Under the act, the AEUB will vary the PPAs if it is satisfied that either (a) the IAT hadn’t carried out its duties in accordance with the law, or (b) the IAT recommendations are obviously unreasonable, not supported by economic analysis, or not in the public interest.
The AEUB convenes further public hearings, attended by key stakeholders, to consider the variance requests. At the end of the year, it issues a decision stating that none of the parties had persuaded it that any of the above conditions were met. Accordingly, it made no variations to the PPAs.
In May, the AEUB issues an order approving the PPAs, as submitted by the IAT. Within the now-published PPAs is a provision stating that power companies can terminate their PPAs, without liability, if a change in government law renders their arrangement unprofitable.
In July, a representative of Enron (later a bidder in the PPA auction) lobbies the IAT to add the words “or more unprofitable” to the provision. Enron further argues that the PPAs be made into a regulation, something that was neither required by law nor previously considered by the AEUB.
On August 1, the IAT writes to the AEUB, stating that it agrees with the change recommended by Enron. With no public hearings, and no notice to consumers or their representatives, AEUB says it agrees as well.
On August 18, the AEUB bundles its original order together with some letters from the IAT about Enron’s position, rubber stamps it, and declares it a regulation.
Three days later the first PPA auction is completed.
In September, the cabinet - with or without knowledge of how the PPA had been amended at Enron’s behest - passes a regulation exempting the board’s regulation both from the normal legal process and from disclosing it to the public.
It is this clause - created in a backroom deal and hidden from the public - that power companies believe gives them the right to hand Albertans unprofitable PPAs that could cost consumers up to $2 billion.
Our government fundamentally disputes this position. That’s why we have chosen to take up this challenge in court.
Biography: Joseph Arvay, Q.C.
Joseph J. Arvay, Q.C., holds law degrees from the University of Western Ontario Law School and Harvard Law School and is called to the Bars of both British Columbia and the Yukon.
He has a very busy litigation practice with an emphasis on public law and in particular constitutional, aboriginal and administrative law matters. Mr. Arvay has been counsel on a number of landmark cases in the Supreme Court of Canada - a court he has appeared in dozens of times.
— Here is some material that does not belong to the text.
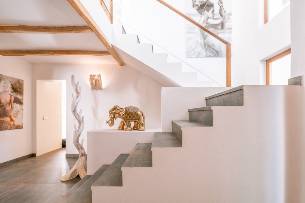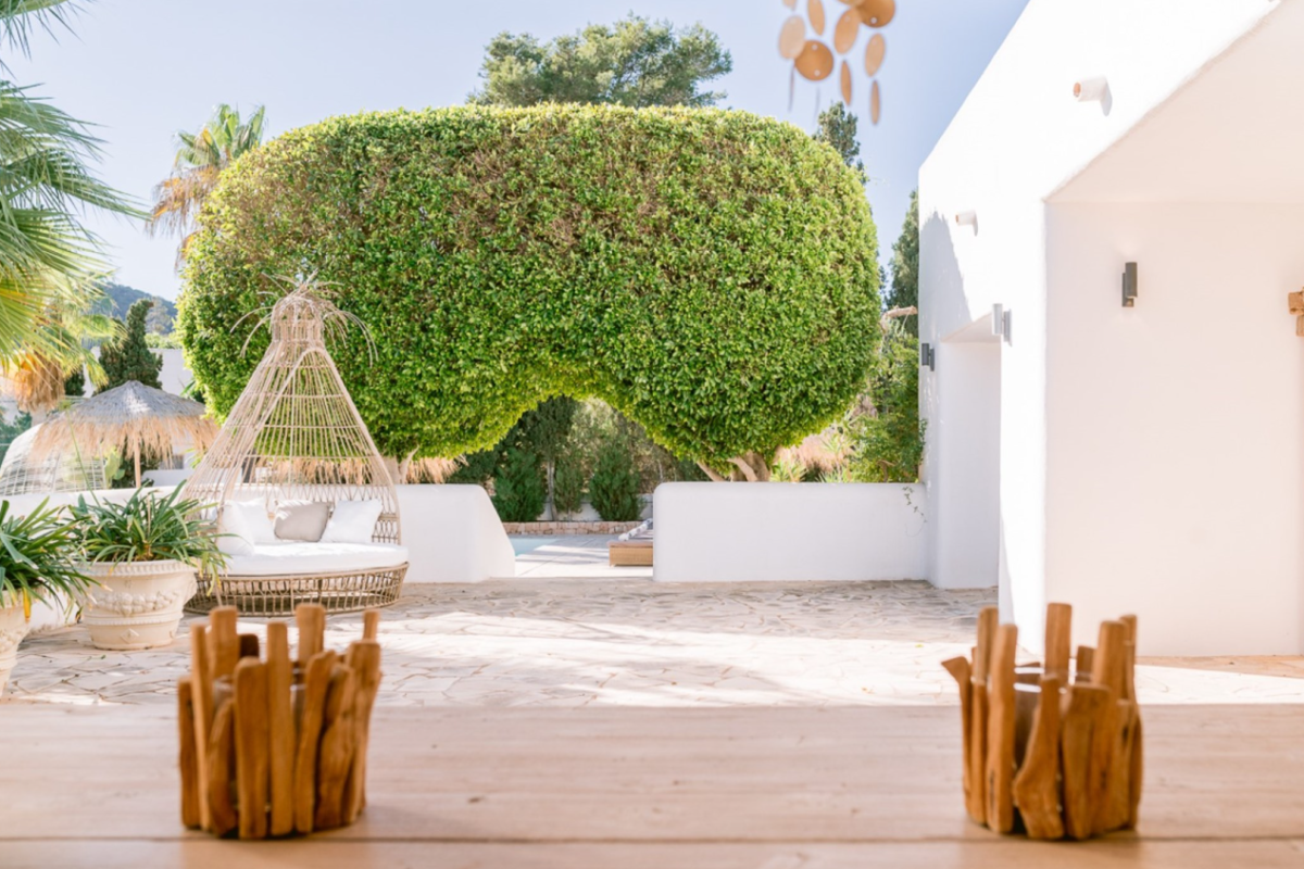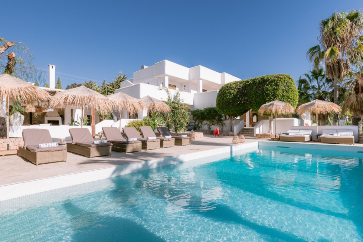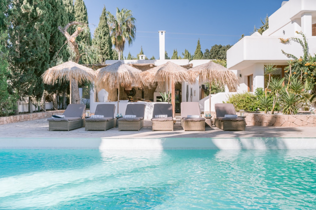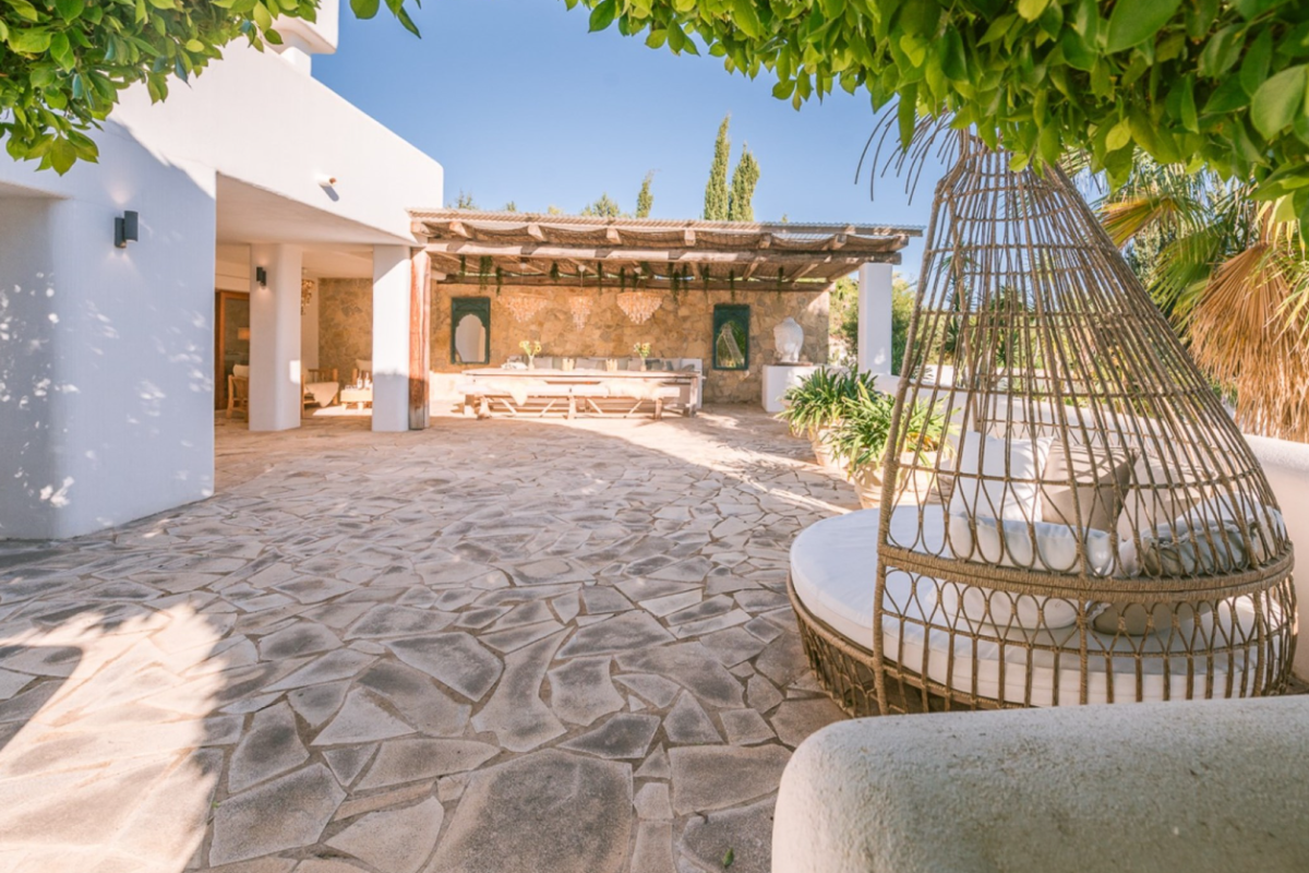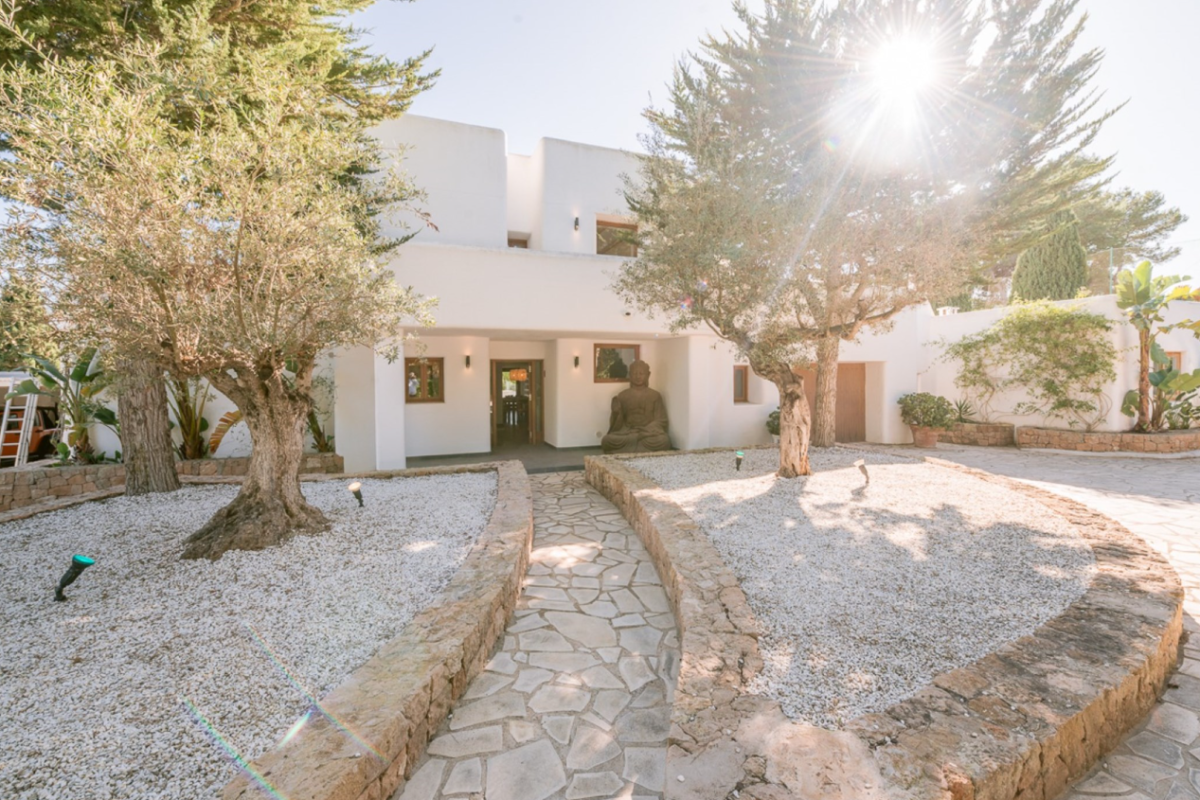 Spectaculaire villa de luxe fraîchement rénovée avec grande piscine chauffée, court de tennis, plage artificielle avec maison de plage, nombreux palmiers, cheminée et fontaine d'art. L'endroit idéal à Ibiza pour accumuler des souvenirs inoubliables.

He has also acted on cases that involve a wide variety of other areas of law including medical malpractice cases, class actions, commercial litigation, intellectual property and defamation cases. Mr. Arvay has acted for a diverse list of clients that includes public interest organizations, private citizens governments, First Nations and many public corporations.
Mr. Arvay has also been listed as “Most Frequently Recommended” in the area of Public Law Litigation in both Vancouver and Victoria in the Canadian Legal Lexpert Directory. As well he was “Consistently Recommended” in the areas of Aboriginal Law, Class Action Litigation and Corporate/Commercial Litigation. Mr. Arvay has been named as one of the top 100 Best lawyers in Canada in a publication of the same name for the last several years and in 2013 and 2015 was named Vancouver Lawyer of the Year in Public Law and Administrative Law.
Mr. Arvay has been the recipient of many awards and honours including most recently the Advocate Society’s Justice Award 2015. In 2010, 2011, 2012, 2013 and 2014 he was named by Canadian Lawyer Magazine as one of the top 25 Most Influential Lawyers in Canada.
Mr. Arvay is a Fellow of the Litigation Counsel of America and a Fellow of the American College of Trial Lawyers.
In 2012, Mr. Arvay was the University of Toronto’s Asper Centre’s inaugural Constitutional Litigator in Residence and the York University’s Osgoode Hall McMurtry visiting clinical fellow.
Mr. Arvay was elected Bencher for Vancouver for the two-year term commencing in January 2014.